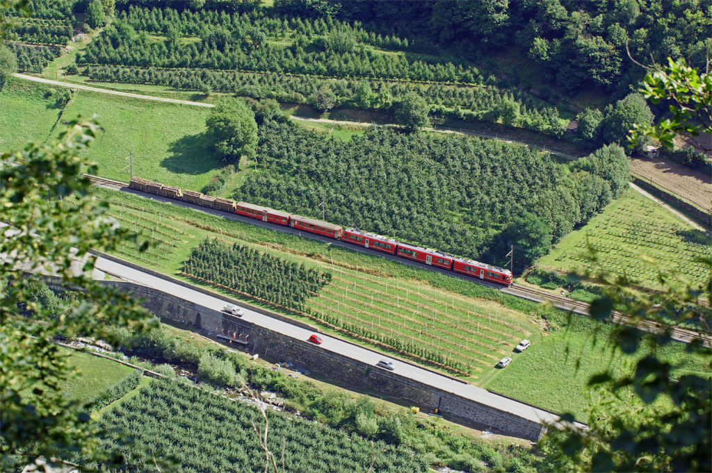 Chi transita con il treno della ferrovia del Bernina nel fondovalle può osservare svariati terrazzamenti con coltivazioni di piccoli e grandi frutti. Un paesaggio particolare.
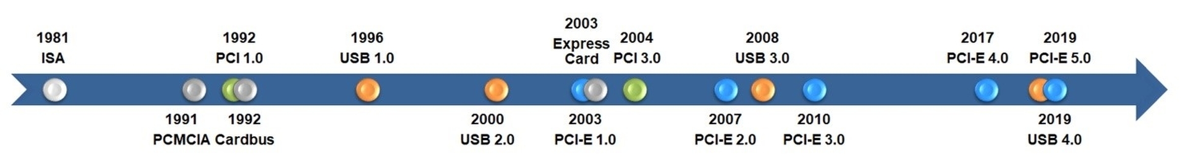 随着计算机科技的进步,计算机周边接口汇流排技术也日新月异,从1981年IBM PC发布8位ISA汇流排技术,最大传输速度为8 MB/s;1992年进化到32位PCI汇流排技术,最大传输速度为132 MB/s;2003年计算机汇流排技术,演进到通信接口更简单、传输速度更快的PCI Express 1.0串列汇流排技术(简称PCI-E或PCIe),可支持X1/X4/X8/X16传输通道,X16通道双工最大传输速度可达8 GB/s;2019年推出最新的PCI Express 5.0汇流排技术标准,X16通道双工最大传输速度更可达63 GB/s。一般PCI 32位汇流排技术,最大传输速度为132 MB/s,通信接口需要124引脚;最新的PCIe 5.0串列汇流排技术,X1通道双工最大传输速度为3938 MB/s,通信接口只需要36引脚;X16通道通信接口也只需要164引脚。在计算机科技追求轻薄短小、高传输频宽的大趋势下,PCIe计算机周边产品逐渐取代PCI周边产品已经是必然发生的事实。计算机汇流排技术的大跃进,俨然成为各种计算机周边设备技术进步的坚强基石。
◇ ◇ ◇ ◇
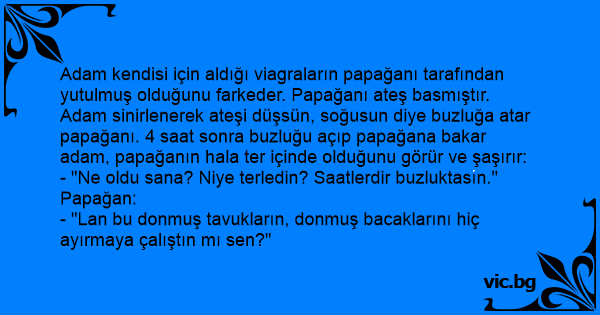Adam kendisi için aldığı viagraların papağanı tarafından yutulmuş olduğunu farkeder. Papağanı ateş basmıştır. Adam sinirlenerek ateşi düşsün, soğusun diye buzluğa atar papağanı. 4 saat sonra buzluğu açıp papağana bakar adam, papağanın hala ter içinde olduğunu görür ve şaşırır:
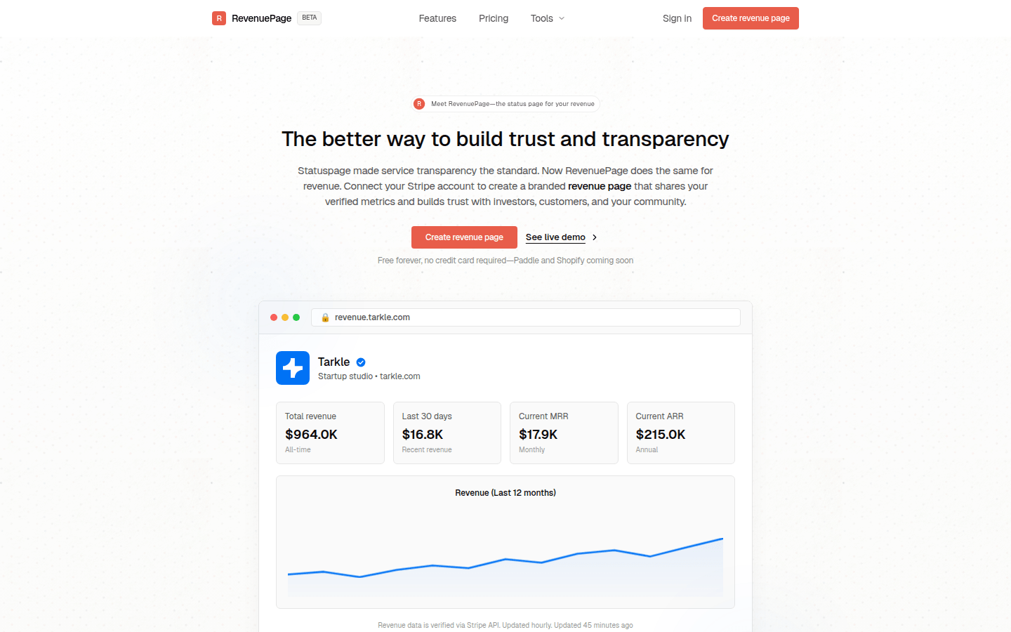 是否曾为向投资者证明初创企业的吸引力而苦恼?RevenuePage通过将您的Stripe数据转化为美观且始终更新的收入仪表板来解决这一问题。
◇ ◇ ◇ ◇
Above are the records; copy exactly the lines from the one with "Chi transita con" through the one with "GB/s;2019年推出最新的PCI Express 5.0汇流排技术标准,X16通道双工最大传输速度更可达63", including both, and nothing more. Leave out pictures.

▶ [RESULT FOR THIS EXERCISE]:
 Chi transita con il treno della ferrovia del Bernina nel fondovalle può osservare svariati terrazzamenti con coltivazioni di piccoli e grandi frutti. Un paesaggio particolare.
 随着计算机科技的进步,计算机周边接口汇流排技术也日新月异,从1981年IBM PC发布8位ISA汇流排技术,最大传输速度为8 MB/s;1992年进化到32位PCI汇流排技术,最大传输速度为132 MB/s;2003年计算机汇流排技术,演进到通信接口更简单、传输速度更快的PCI Express 1.0串列汇流排技术(简称PCI-E或PCIe),可支持X1/X4/X8/X16传输通道,X16通道双工最大传输速度可达8 GB/s;2019年推出最新的PCI Express 5.0汇流排技术标准,X16通道双工最大传输速度更可达63 GB/s。一般PCI 32位汇流排技术,最大传输速度为132 MB/s,通信接口需要124引脚;最新的PCIe 5.0串列汇流排技术,X1通道双工最大传输速度为3938 MB/s,通信接口只需要36引脚;X16通道通信接口也只需要164引脚。在计算机科技追求轻薄短小、高传输频宽的大趋势下,PCIe计算机周边产品逐渐取代PCI周边产品已经是必然发生的事实。计算机汇流排技术的大跃进,俨然成为各种计算机周边设备技术进步的坚强基石。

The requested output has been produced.